2021 — ongoing
A tale of the relationship between people, trees, and insects, bound together by the same habitat, trying to fix the irreparable and restore what seems impossible to restore.
Several times a year I visit my mother in Abkhazia. Once, on my next visit, I heard the news about the efforts of scientists saving boxwoods and chestnuts. From that moment began my journey of discovering the many relationships between plants, people and insects. As I searched for answers, I sought out people, and they revealed to me places hidden from the gaze of the outside observer. This mystery of manifesting pictures fascinated and stirred my interest. Like a magic tangle, the theme of saving trees led me along.

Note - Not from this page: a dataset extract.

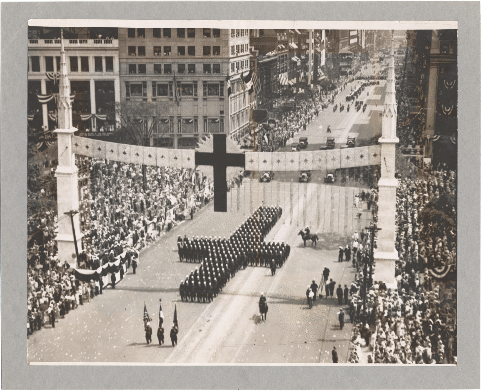 View from a height up parade route, with large crowds of spectators. Banners across road with large central cross. Group in center of frame marching in cross formation. Other images in series have date July 1928.
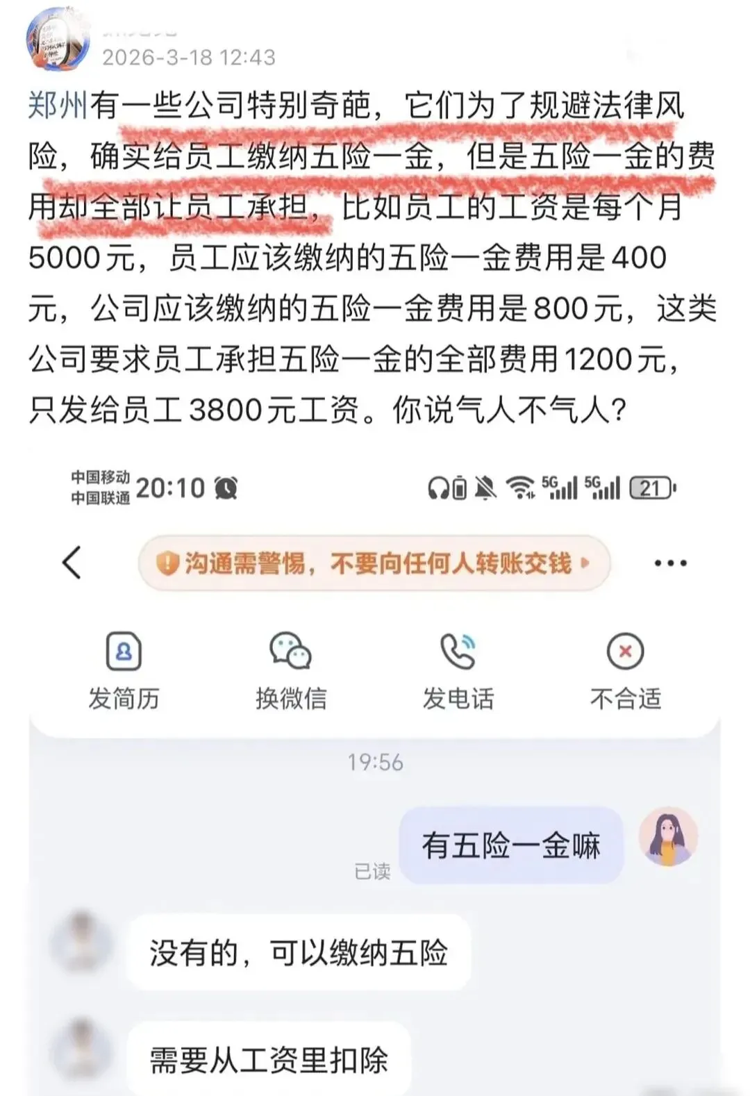3月18日,有网友在网络上爆料,郑州有一些公司特别奇葩,它们为了规避法律风险,确实给员工缴纳五险一金,但是五险一金的费用却全部让员工承担。

Between 2012 and 2016, relict boxwood groves in the Colchis Lowlands died, and along with them other trees — chestnuts, walnuts, and garden crops — were affected. The cause of the ecological disaster was the spread of new insect species. The invasion affected the ecology and life of local rural communities. In 2021, on the basis of the Institute of Ecology of Abkhazia, with the support of the UN, a laboratory was created, whose task is to save the trees.

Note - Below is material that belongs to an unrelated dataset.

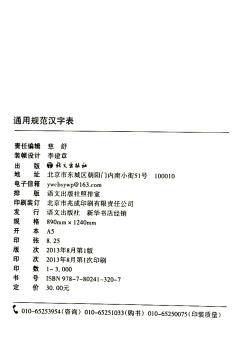 图书简介 | | 本表收字8105个,分为三级:一级字表为常用字集,收字3500个。二级字表收字3000个。三级字表收字1605个。 |
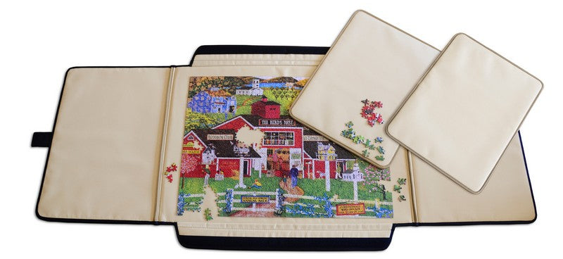 Designed for puzzle lovers, this jumbo fabric portfolio style puzzle table 22.83"x31.89", has a clean and dedicated surface to sort and build your puzzles without taking over your dining room table. The smooth surface lets you easily move pieces around and the additional inserts are great for sorting and storing. When you are temporarily done working on your puzzle, stack the inserts on top of your puzzle, fold, and secure your MasterPieces in progress with sturdy hook and loop closures. The closed design keeps your puzzle pieces and progress safe. The low-profile design allows for easy storage under a couch or bed. No assembly required.

The scene is mesmerizing in its dramatic entanglements. Abkhazia remains a territory of unresolved conflict, the Georgian-Abkhazian war ended here in 1993, its traces can be seen everywhere. Post-Soviet space and all-consuming wilderness, antiquity and traditional ways, the joy of life, memory and trauma of war — on this lush soil a new history is sprouting. The relationship between people, trees and insects revealed itself to me as a narrative of severed ties, of attempts to mend the irreparable, to restore what seems impossible to restore.